Como se tornar um geek no mundo dos vinhos
ou
como estudar melhor e mais efetivamente em formações, certificaçoes e até por conta própria
Olá, pessoal! O texto deste mês está um pouco diferente. Já começa com um descarado clickbait no título. Mas o subtítulo abre o jogo.
A educação sempre foi parte intrínseca da minha vida, uma herança dos meus pais, ambos professores. Acredito em aprendizagem contínua. E tem jeito melhor de aprender do que ensinando? Pensando nisso, comecei a dar aulas sobre vinho “oficialmente”, pois me certifiquei como educador do programa Maestro da Vinitaly International Academy.
Concomitantemente, comecei a dar mentoria para candidatos que reprovaram na certificação WSET Nível 3. (Se você estiver nesse perrengue e precisar de ajuda me procure!). E foi a mentoria que me fez pensar sobre esse tema. Preparar-se para provas do mundo do vinho (como da ABS ou WSET) pode ser bastante intrincado, principalmente devido à ampla gama de informações necessárias para ser aprovado.
Tenho notado que muitos candidatos estão com dificuldades neste percurso. O WSET Níveis 3 e 4 tem um índice de reprovação que não é desprezível. Será que são as escolas que têm um problema no ensino (algo em que pessoalmente não acredito), ou é tudo uma questão de linguagem, estilo e abordagem distintas das que estamos habituados?
Pergunto ainda: Como é que a gente aprende? É só técnica de estudo? Ou cada um tem um jeito diferente de absorver as coisas? E qual seria a forma mais eficaz? Por que uns aprendem mais facilmente e outros nem tanto? Por que alguém vira Master of Wine enquanto outros sofrem para passar na prova do WSET 3? É a tal teoria das 10.000 horas? Com isso em vista, iniciei uma pesquisa para auxiliar melhor meus alunos. Tá, confesso, também foi pra melhorar meu processo com o Diploma WSET, que não estava NADA bom. E para emoção do meu amigo Tom do Vinho Justo, a pesquisa começou com um meme do vinho, mais especificamente sobre a jornada WSET.
O Efeito Dunning-Kruger, metacognição e a síndrome do impostor
O Efeito Dunning-Kruger é um viés onde as pessoas superestimam suas habilidades ou conhecimentos em uma área específica. Isso ocorre porque a maioria das pessoas é pouco hábil em analisar sua própria performance. O resultado é uma “maldição dupla”: as pessoas não só têm desempenho ruim, como também não têm autopercepção suficiente para se avaliarem de uma maneira precisa.
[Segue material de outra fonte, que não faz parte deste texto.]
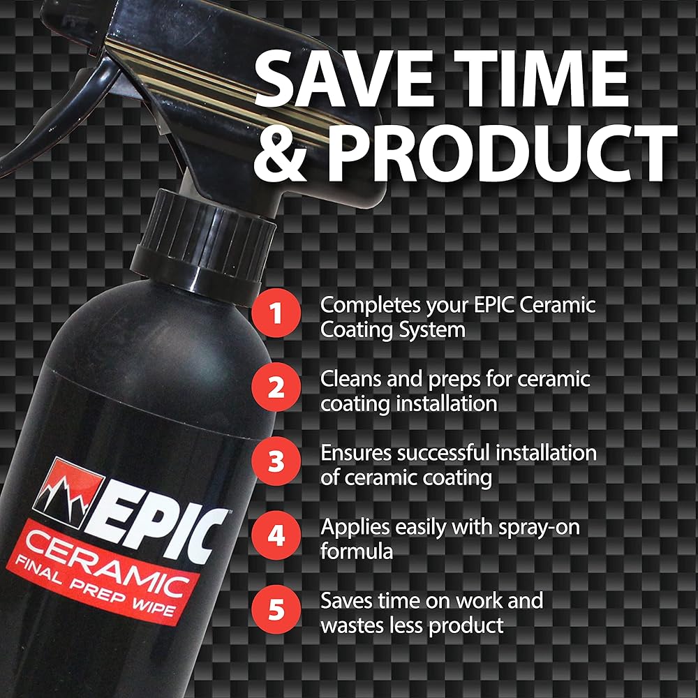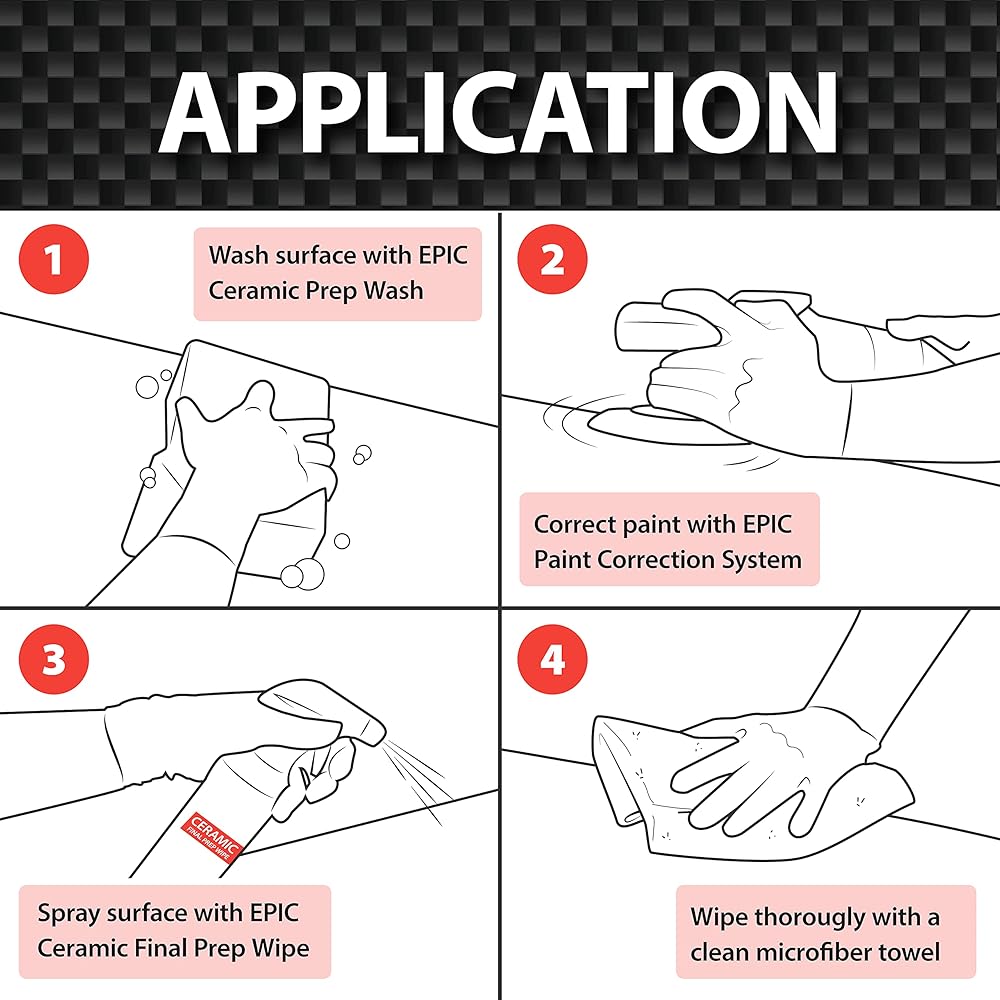 • الخطوة النهائية قبل تطبيق السيراميك: تعد المسحة النهائية للسيراميك من EPIC هي الخطوة النهائية، قبل تطبيق طلاء السيراميك. وهو عنصر حاسم في نظام طلاء السيراميك EPIC.

Mas acredite, há como driblar essa armadilha. A palavra-chave aqui é autorreflexão e questionamento. Tá achando que sabe tudo? Dê dois passos pra trás e desconfie um pouco do você acha que está sabendo. E busque a opinião de quem realmente entende do assunto.
E aqui entra o conceito de metacognição. Ela é a consciência e compreensão de seus próprios processos de raciocínio – “o pensar sobre o seu pensamento”. Ela é importante para absorver novas informações pois ativa uma modalidade mais profunda de processamento em seu cérebro. Isso ajuda a formar “rastros de memória” mais fortes, que são mais facilmente recuperáveis.
Mas nem tudo são flores. Veja que paradoxo curioso: quanto mais a gente aprende, mais sentimos que há muito mais o que aprender. E isso pode acabar virando o oposto do Dunning-Kruger, que é a síndrome do impostor: aqui as pessoas duvidam constantemente de suas habilidades e sucessos. Complexo, né?
Voltemos a “pensar sobre nosso pensamento”. Começaremos pelo o que a ciência tem a dizer sobre estilos de aprendizagem
Estilos de aprendizagem
Os estilos de aprendizagem referem-se às preferências individuais e em que condições aprendemos melhor. Esses modelos tentam explicar essas diferenças e agrupar as pessoas em categorias baseadas em como elas aprenderiam melhor. Existem muitos modelos, mas vou destacar dois mais abrangentes e conhecidos: o modelo VARK e o Modelo de Aprendizagem Experiencial.
Modelo VARK
O modelo VARK de Neil Fleming é uma das teorias mais populares. Aqui a ideia central é de que temos pelo menos quatro estilos de aprendizado:
- Visual (V): prefere informações apresentadas de maneira visual, como gráficos, diagramas e vídeos
- Auditivo/Aural (A): prefere receber informações através do som, ou seja, através de palestras, discussões e gravações de áudio
- Leitura/Escrita (R): prefere informações apresentadas em formato de texto
- Cinestésico/Kinestésico (K): prefere aprendizado prático, fazendo e experimentando
(Clique aqui para fazer um teste gratuito e descobrir qual seu estilo de aprendizagem no modelo VARK)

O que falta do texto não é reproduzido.